Our discrimination task constitutes a high dimensional classification problem. Each experiment was run in a single session less than 90 minutes in duration, and in all cases we found very little or no evidence of learning during the test trials. The fact that observers could learn this task so quickly during the few training trials indicates a bias of the system for processing natural images. In machine learning, the “no free lunch” theorem [35] states that all classification algorithms perform the same on average over all tasks. Put another way, the performance of a classification algorithm–-including those of human observers–-on our task reflects how biased it is for this particular task. While the pattern of performance provides evidence for the existence of a bias, it does not provide specific feedback about how the bias is implemented by the visual system. In the three cue identification experiments, we examined which natural image features were prominent cues to the discrimination task.

We can draw two clear conclusions about the perceptual importance of some of the model features.

The first conclusion relates to the importance of filter shapes. We tested two pairs of models that differed only in filter shape: a random second-order model and the independent components analysis model (RND vs. ICA) and the -spherically symmetric model using random filter shapes and the -spherical model using the ICA filters (L2 vs. LP). Even though a general proportionality between discriminability and model likelihood does not exist (only an ordering relationship), the previously reported small effect of filter shape on likelihood [8], [43] was mirrored by very small differences in discriminability here. As shown in Figures 6A and 6B, the differences from RND to ICA and from L2 to LP are very small, indicating that using a linear transformation with oriented filters translates into a very small perceptual benefit. This result implies that the oriented filters of the independent components analysis model make only a small improvement over a pink-noise like representation in capturing perceptually prominent natural image features.

The second conclusion is that spherical models do not fully reproduce local luminance histogram variations sufficiently (Figure 8A long dashed lines) even though they are meant to capture contrast fluctuations [7]–[10]. Overall, the most difficult model to discriminate from natural images was the mixture of elliptically contoured distributions model, which apparently reproduced the luminance histograms sufficiently but failed to capture the structural patterns in natural images sufficiently at the largest sizes we tested.

### Local structure information

Our results indicated that luminance histogram features are highly informative about model versus natural image identity for most of the models we tested. In Experiments 3 and 4, we aimed to “partial out” these cues and evaluate model efficacy with respect to structural information instead. Previous studies of human sensitivity to local shape structure show that particular fourth-order correlations in binary images are perceptually salient [39], [40], [49] and correspond to informative features of natural images [50]. We wanted to examine the extent to which the models we tested capture any kind of perceptually prominent structural information at the patch sizes presented.

In Experiment 3, where we removed the contrast fluctuation cue, the ordering of the models in terms of discriminability dramatically changed.

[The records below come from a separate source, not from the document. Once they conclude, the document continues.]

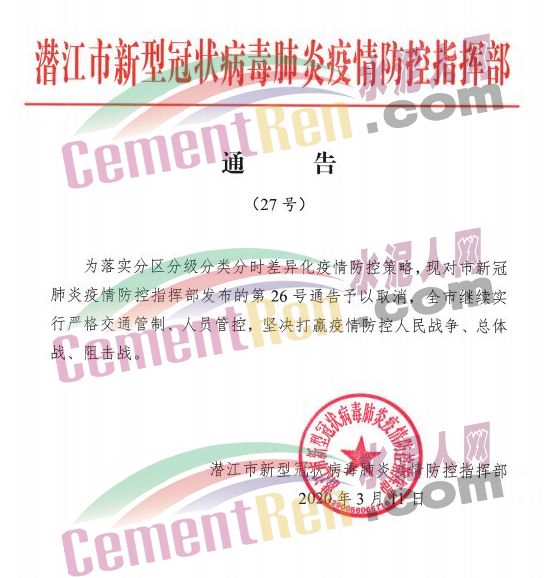 3月11日10時(shí)32分潛江市新型冠狀病毒肺炎疫情防控指揮部發(fā)布27號(hào)通告稱,對(duì)市新冠肺炎疫情防控指揮部發(fā)布的第26號(hào)通告予以取消,全市繼續(xù)實(shí)行嚴(yán)格交通管制、人員管控,堅(jiān)決打贏疫情防控人民戰(zhàn)爭(zhēng)、總體戰(zhàn)、阻擊戰(zhàn)。
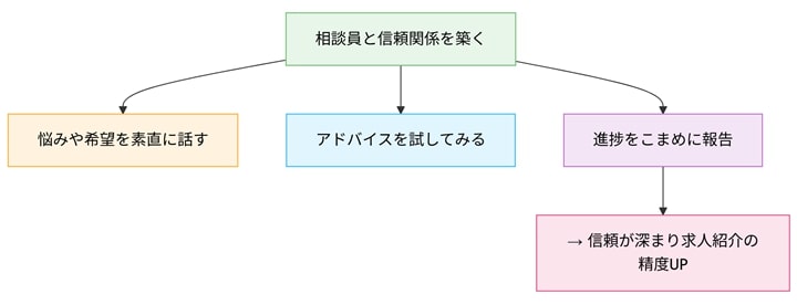 相談員とのやり取りを大事にすると、もっと自分に合った求人を紹介してもらえる可能性がぎょうさん上がるだわ。
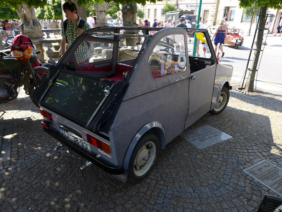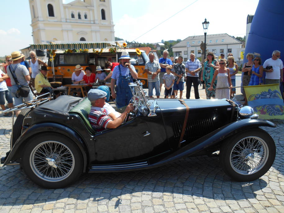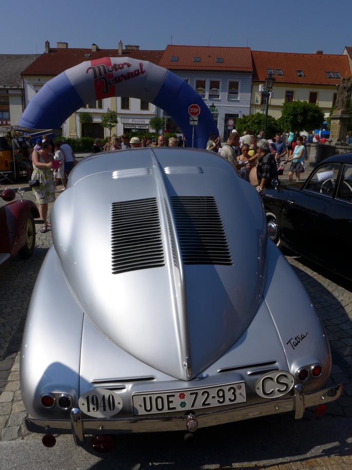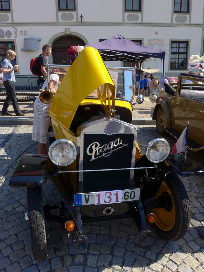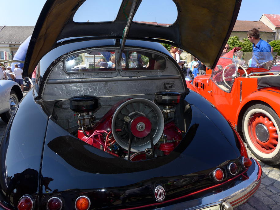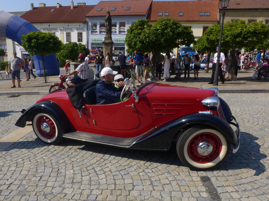 Ve stínu před kostelem mě zaujaly "historické" závoďáky. Chvilku jsem v tom hledal jakousi historii, ale podivné zavěšení všech kol a kolébavý pohyb vozů mě z toho vyléčil. Spíš by se slušelo označit je slovem historizující, neboť se jedná o přestavbu známé kachny.
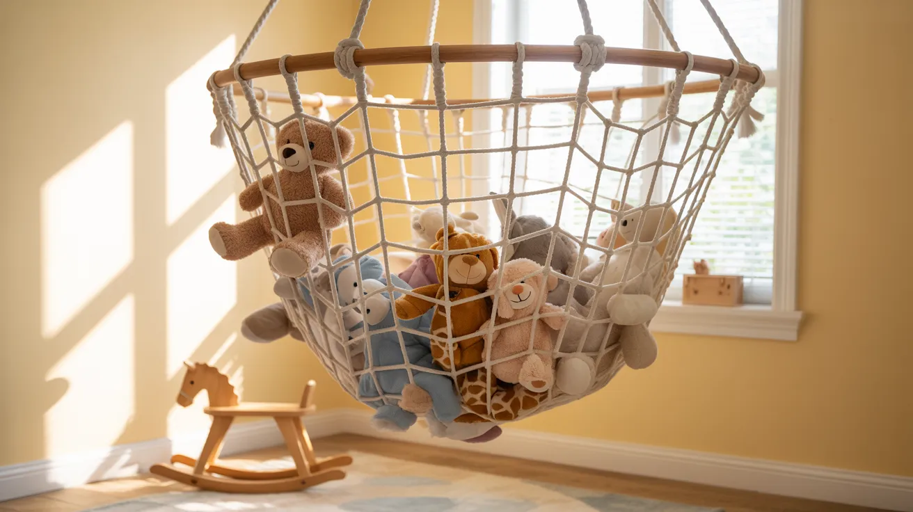 If you’ve got some wall space, hanging nets and toy hammocks are a quick way to lift the mess off the floor. I like using them in corners or above the bed to make the most of unused space.
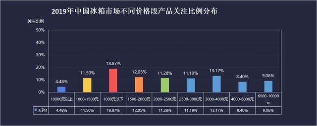 根据ZDC提供的调研数据显示,2500元以下冰箱关注比例同比2018年变化较大,2019年关注比例已经超过53%,但高端家电关注比例也有所提升,6000元以上的冰箱关注度为17.5%。
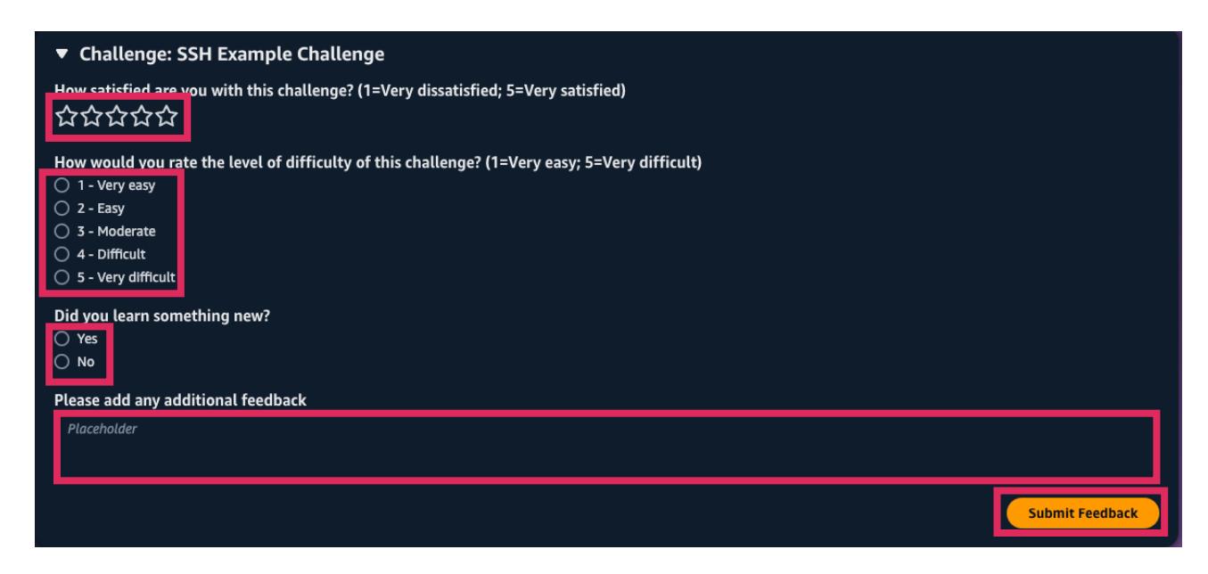 - For entering challenge feedback choose a number of stars, a number, or yes or no. Type additional feedback in the please add any additional feedback field. When done, choose Submit Feedback.
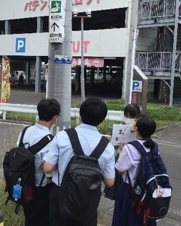 本校生徒が説明を聞いている様子です。
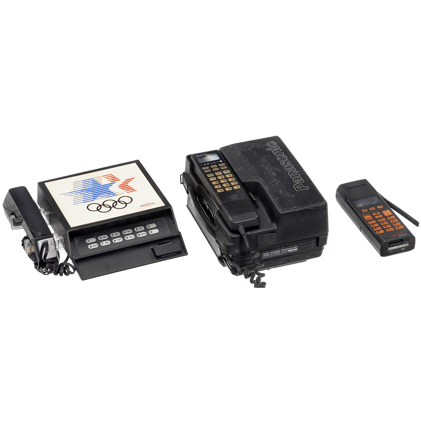 1) PTT Trub, Switzerland, case and receiver made of wood. – 2) Fältprovstelefon DiaMark, Sweden. – 3) Ericsson DBK 21X14, Sweden, bakelite, with dial. – 4) Telegrafverket O.T.A. Type 1.11., Sweden, beige plastic, with dial. – 5) Doro Shadow, Sweden, transparent cradle. – 6) Grillo Proprieta' Sip, Italy, foldable. – 7) Telegrafverket A002, Sweden, wall model. – 8) L.M. Ericsson, Sweden, red case, with dial. – 9) ATC Genie Phone, USA, donut-shaped. – 10) Telegrafverket, Sweden, bakelite, with crank, switches, dial and external bell box. – 11) Western Electric, USA, with dial. – 12) Televerkstaden, Sweden, unusually arranged keypad. – 13) The Trimline Phone, Western Electric, USA. – 14) Teli, Sweden, Tillhör Televerket, case made of certified African rosewood. – 15) ITT Own-a-Phone, Mexico, multi-colored plastic case, with dial. – 16) Eola Liptovsky Hradok, Slovakia, with dial. – 17) S.A. Fabbr. Naz. Appar. Telefonici, Italy, with dial. – 18) Kellogg Switchboard & Supply Company, USA, sky blue metal case, with dial. – 19) Telegrafverket, Sweden, with dial. – 20) Pactel 1984 Olympics Telephone, Japan/USA, keypad behind flap. – 21) Contempra, Northern Electra Company, Canada, dial in handset. – 22) Radiovox II, Sweden, radio telephone. – And: 23) 12 more telephones. – In addition: An early Panasonic mobile phone and 18 other mobile phones, including 3 iPhones.
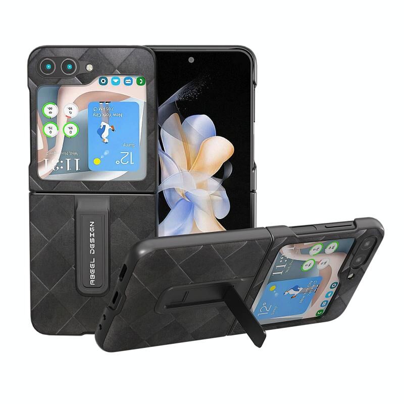 Θήκη τηλεφώνου Samsung Galaxy Z Flip5 ABEEL Weave Plaid PU με Στήριξη (Μαύρο)
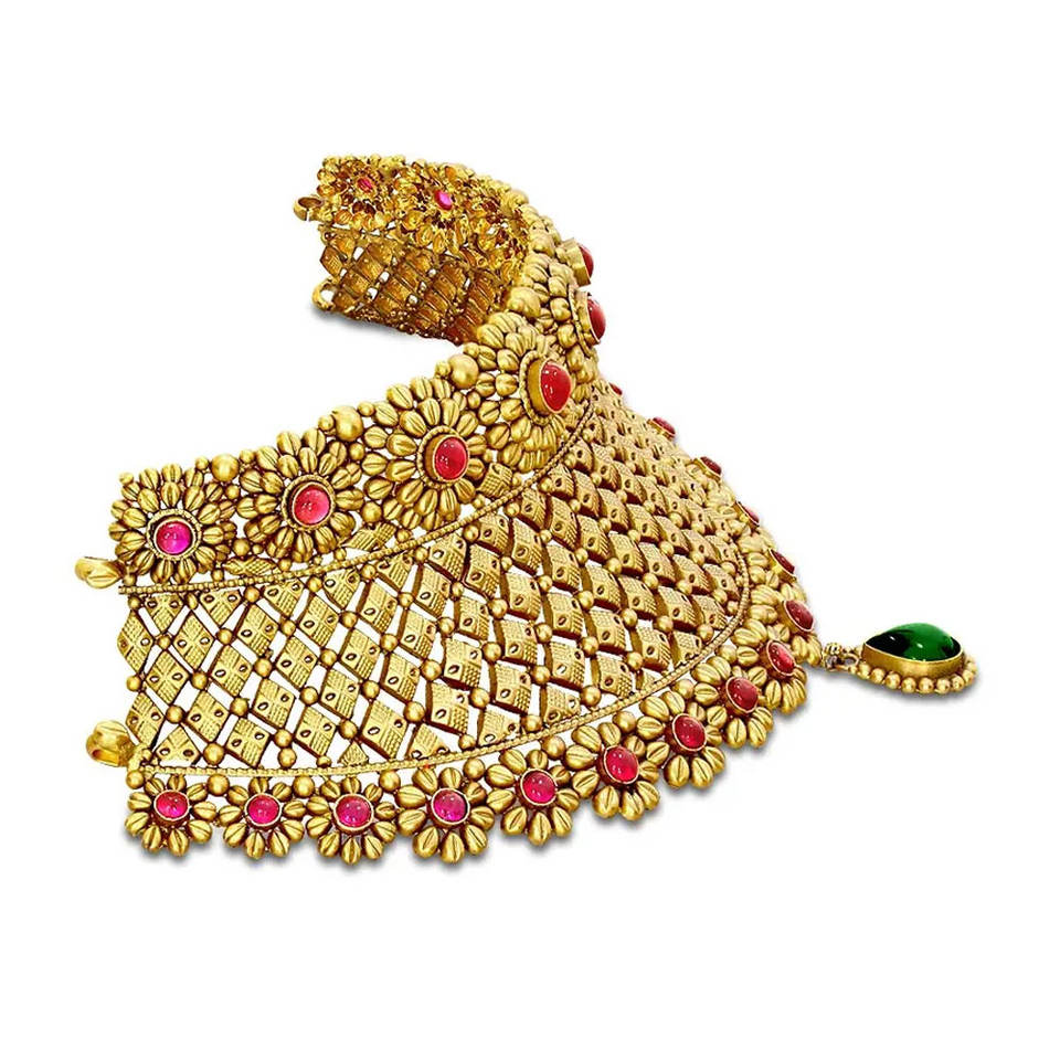 Punjabi Traditional Jewelry Gold Finished Kundan Pearl Green Choker Necklace Set
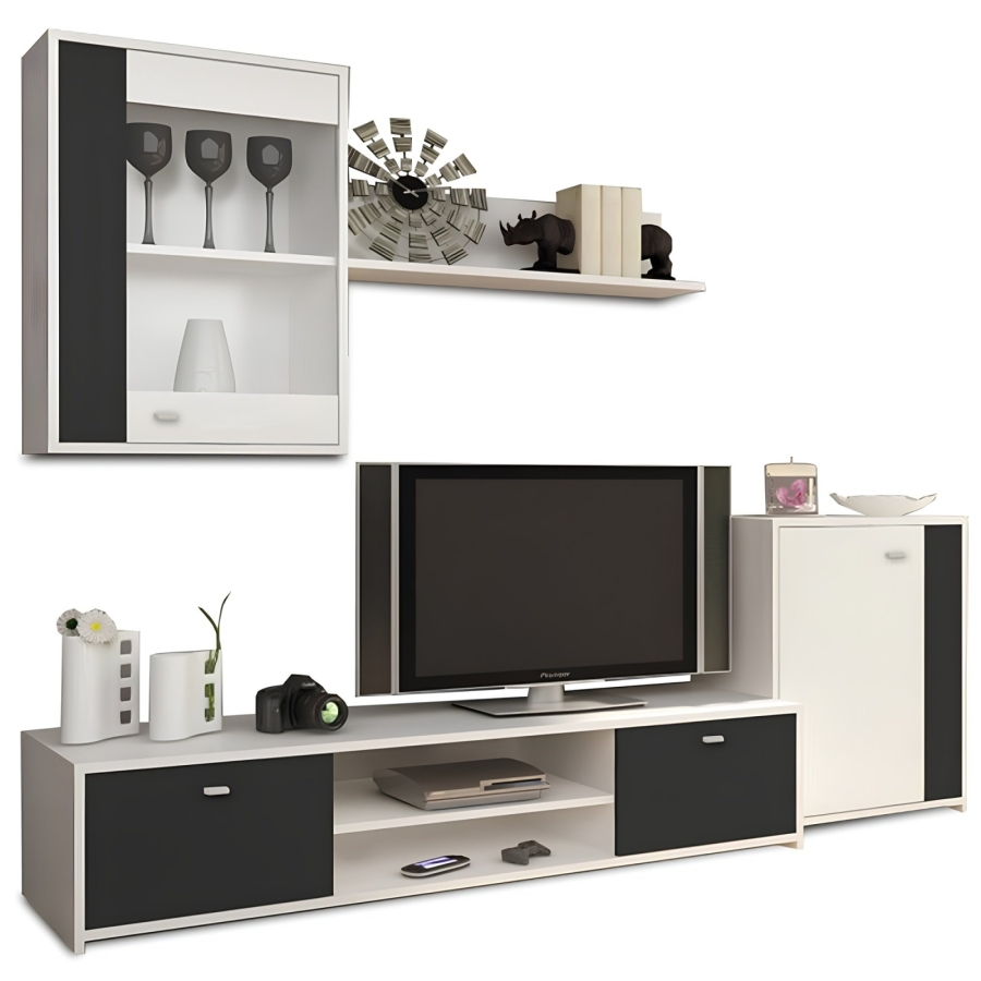 Nappali bútor GENTA fehér/fekete színváltozatban. Anyag: laminált DTD és ABS élek.
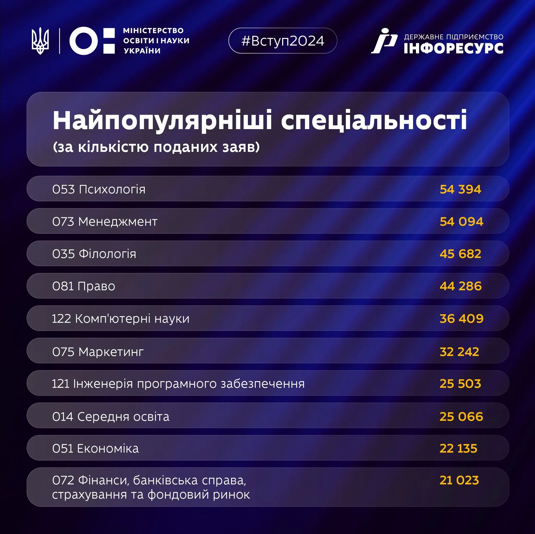 - "Комп'ютерні науки" (понад 36 тисяч заяв вступників).
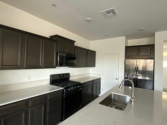 Available on August 2nd Amazing, brand new Lennar home features vinyl flooring in the kitchen, dining room and living room. This open floor plan has Quartz countertops in the kitchen with a huge island, gas stovetop and stainless steel appliances with fridge included. One full bedroom and bathroom are also located downstairs. Upstairs features the master bedroom with Quartz countertops, double sinks and a walk in closet. The 4 other bedrooms share a bathroom with Quartz countertops and double sinks. The upstairs laundry room features tile flooring, storage and washer and dryer included. Property is very close to UC Merced. This is less than a 10 minute drive to UC Merced and a block away from CatTracks stops for the bus into UC Merced. Shopping complexes are also just 5 minutes away for restaurants, groceries, etc. Owner pays for HOA and front yard landscaping. Tenant pays for water, sewer, garbage, utilities and solar. No Pets. No smoking.

The originally large difference from our second-order model (RND) to the spherical models capturing higher-order correlations (L2, LP) disappeared, and all three models were the same in terms of difficulty (Figures 10B). This suggests that the main advantage of the spherical models has little to do with capturing the structural or shape content of natural images. Rather, when this result is taken together with the results of Experiment 2, where L2 and LP were more difficult than RND with luminance histograms as the only cue (Figure 8), it is clear that the main advantage of spherical models is due to better preservation of contrast fluctuations. What was more surprising was that the ICA model became the most difficult model to discriminate from natural images (Figures 10B), suggesting that the shape of the ICA filters offers some advantage over random filters although they are not perfect, as indicated by above chance performance.

In Experiment 4, we removed all luminance histogram cues by using binary image patches as stimuli (where patches were automatically selected to contain spatial variations). Thresholding the luminance values preserves the shape of the luminance contours. When this kind of shape information is the only cue, all models were equally difficult although observers were still above chance (Figure 12 filled bars), meaning that they can make use of such shape cues. Even though the percent correct for ICA was again lower than the other models, this difference is not significant here. Discriminability was not affected by binarization for LP and all higher likelihood models (overlap of filled and unfilled bars in Figure 12), which suggests that the luminance contour shapes are likely to be one of the main cues used to discriminate these models from natural images. We take these results as an indication that the shapes of the luminance contours preserved after binarization are an important perceptual feature of natural images. Elder has demonstrated their perceptual informativeness using a different technique in which he reproduced the appearance of photographic images very well from only such contours and local contrast values [52]. Our results suggest that none of the common grayscale natural image models captures these contour statistics sufficiently and that higher likelihood models are no better with it than a random second-order model.

### Studying visual sensitivity to natural image regularities

Studying sensitivity to natural image regularities is a challenging pursuit for several reasons, not least of which is their high-dimensional complexity. One approach is to focus on a particular aspect of natural images, measure its distribution, and examine whether the visual system is biased for the empirical distribution. Girschick and colleagues [53] have taken such an approach to study the visual system's knowledge of local orientation statistics in natural images. Other approaches rely on generating stimuli with controlled natural image features. The more classical technique has been to use the Fourier transform to examine sensitivity to higher-order natural image correlations via phase quantization or scrambling in large images, e.g. [19]–[25], and a more recent technique is to use a texture synthesis model, such as the Portilla-Simoncelli model [29], which can represent a wide range of natural textures very convincingly and whose parameters can be interpreted in terms of neural responses. Psychophysical studies using the Portilla-Simoncelli model have advanced our understanding of peripheral visual processing [54],[55], and have uncovered physiological properties of early visual cortex [56].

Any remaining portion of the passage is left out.